| WHAT IS BEING ASKED |
Exactly as written, retype the listing below, omitting the pictures.

| RECORDED DATA |
——

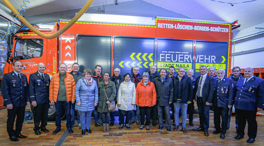 Der neue Rüstwagen macht Eindruck! Das war dem 1. Bürgermeister Frank Stumpf und den Mitgliedern und Freunden der Freien Wähler Naila, der Ü.W.G und der Parteifreien Bürger aus Marxgrün und Hölle bei ihrem Besuch der Freiwilligen Feuerwehr Naila deutlich anzumerken. Und das ist kein Wunder, wenn man den Ausführungen des Kommandanten Marco Wagenlechner folgt. Die Ausstattung des im vergangenen Jahr neu erworbenen Fahrzeugs, das nur mit drei Mann besetzt wird, ist so komplex, dass jeder Quadratzentimeter ausgenutzt werden musste. Denn die Aufgaben der ehrenamtlichen Feuerwehrleute sind in den letzten Jahren immer vielfältiger geworden, wie Vorstand Gerhard Wagenlechner erklärte. Mittlerweile geht das Aufgabenfeld weit über die Pflichtaufgabe der Stadt, für Brandschutz zu sorgen, hinaus. Deshalb ist es auch nötig für alle Eventualitäten gewappnet zu sein. Da hilft die Containerbestückung. Neben der Grundausrüstung werden in vier Containern, offenen Rollregalen ähnlich, die für besondere Rettungssituationen benötigten Gerätschaften untergebracht. Und um alle Funktionen zu beherrschen und nutzen zu können, waren im Herbst sechs Wochen lang an je drei Tagen Intensivschulungen nötig.
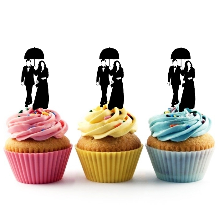 Umbrella Couple Cupcake 10 Toppers Laser Cut Acrylic for Wedding Birthday Baby Shower Bachelorette Engagement Party Decor
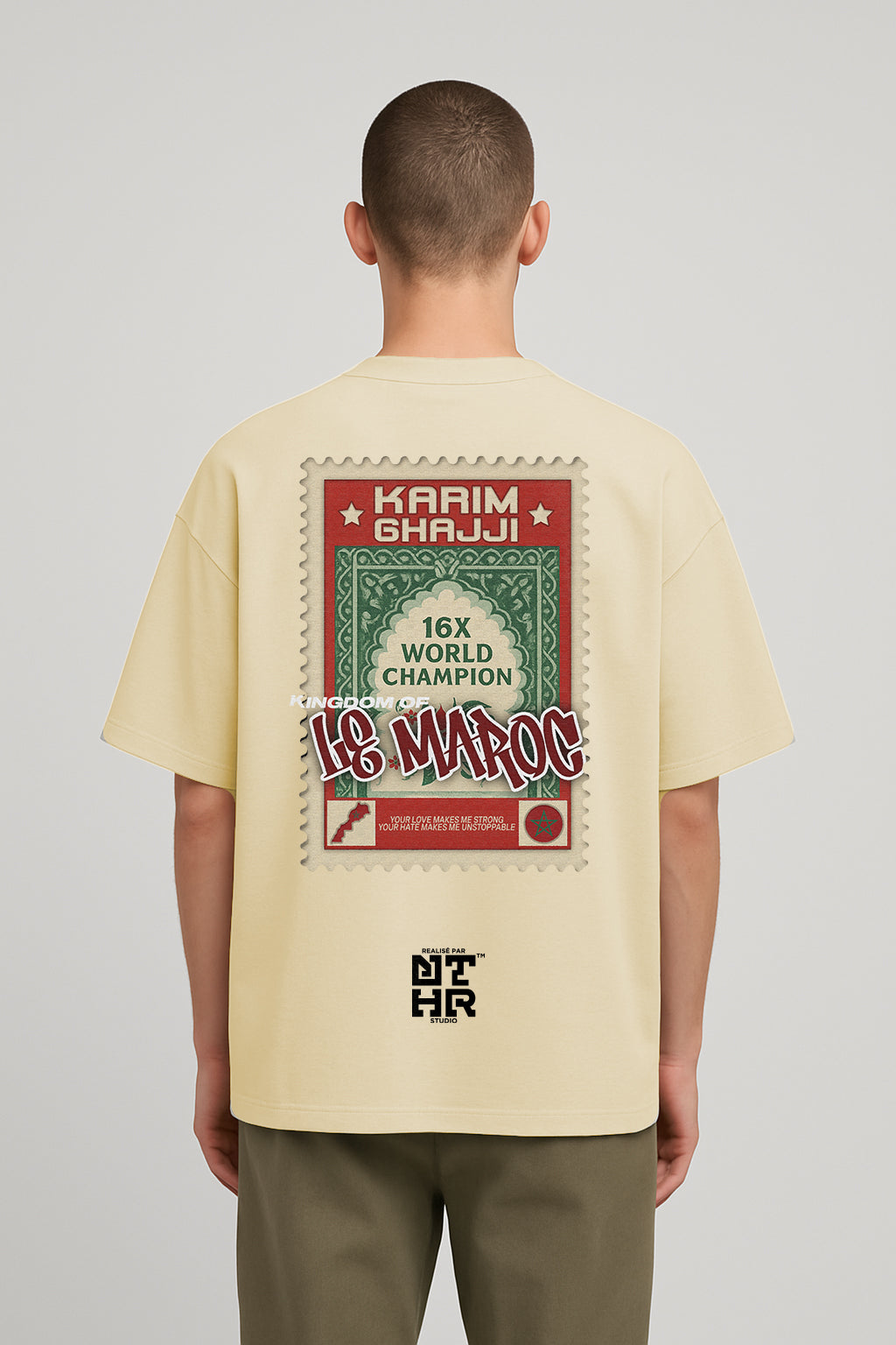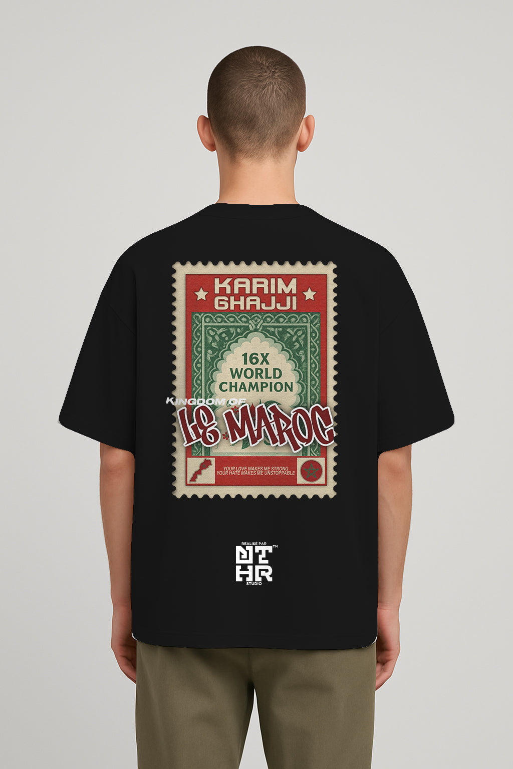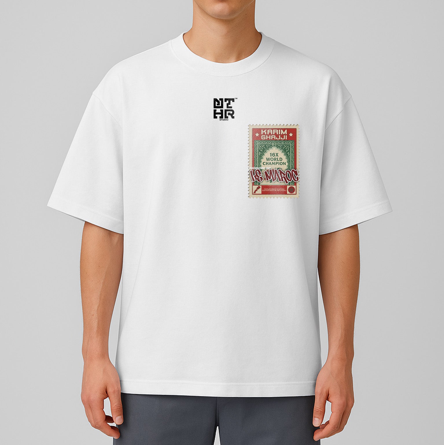 Un t-shirt pensé comme une pièce de collection, en hommage au parcours légendaire de Karim Ghajji et à ses racines marocaines.

——

| WRITTEN RESPONSE |
 Der neue Rüstwagen macht Eindruck! Das war dem 1. Bürgermeister Frank Stumpf und den Mitgliedern und Freunden der Freien Wähler Naila, der Ü.W.G und der Parteifreien Bürger aus Marxgrün und Hölle bei ihrem Besuch der Freiwilligen Feuerwehr Naila deutlich anzumerken. Und das ist kein Wunder, wenn man den Ausführungen des Kommandanten Marco Wagenlechner folgt. Die Ausstattung des im vergangenen Jahr neu erworbenen Fahrzeugs, das nur mit drei Mann besetzt wird, ist so komplex, dass jeder Quadratzentimeter ausgenutzt werden musste. Denn die Aufgaben der ehrenamtlichen Feuerwehrleute sind in den letzten Jahren immer vielfältiger geworden, wie Vorstand Gerhard Wagenlechner erklärte. Mittlerweile geht das Aufgabenfeld weit über die Pflichtaufgabe der Stadt, für Brandschutz zu sorgen, hinaus. Deshalb ist es auch nötig für alle Eventualitäten gewappnet zu sein. Da hilft die Containerbestückung. Neben der Grundausrüstung werden in vier Containern, offenen Rollregalen ähnlich, die für besondere Rettungssituationen benötigten Gerätschaften untergebracht. Und um alle Funktionen zu beherrschen und nutzen zu können, waren im Herbst sechs Wochen lang an je drei Tagen Intensivschulungen nötig.
 Umbrella Couple Cupcake 10 Toppers Laser Cut Acrylic for Wedding Birthday Baby Shower Bachelorette Engagement Party Decor
 Un t-shirt pensé comme une pièce de collection, en hommage au parcours légendaire de Karim Ghajji et à ses racines marocaines.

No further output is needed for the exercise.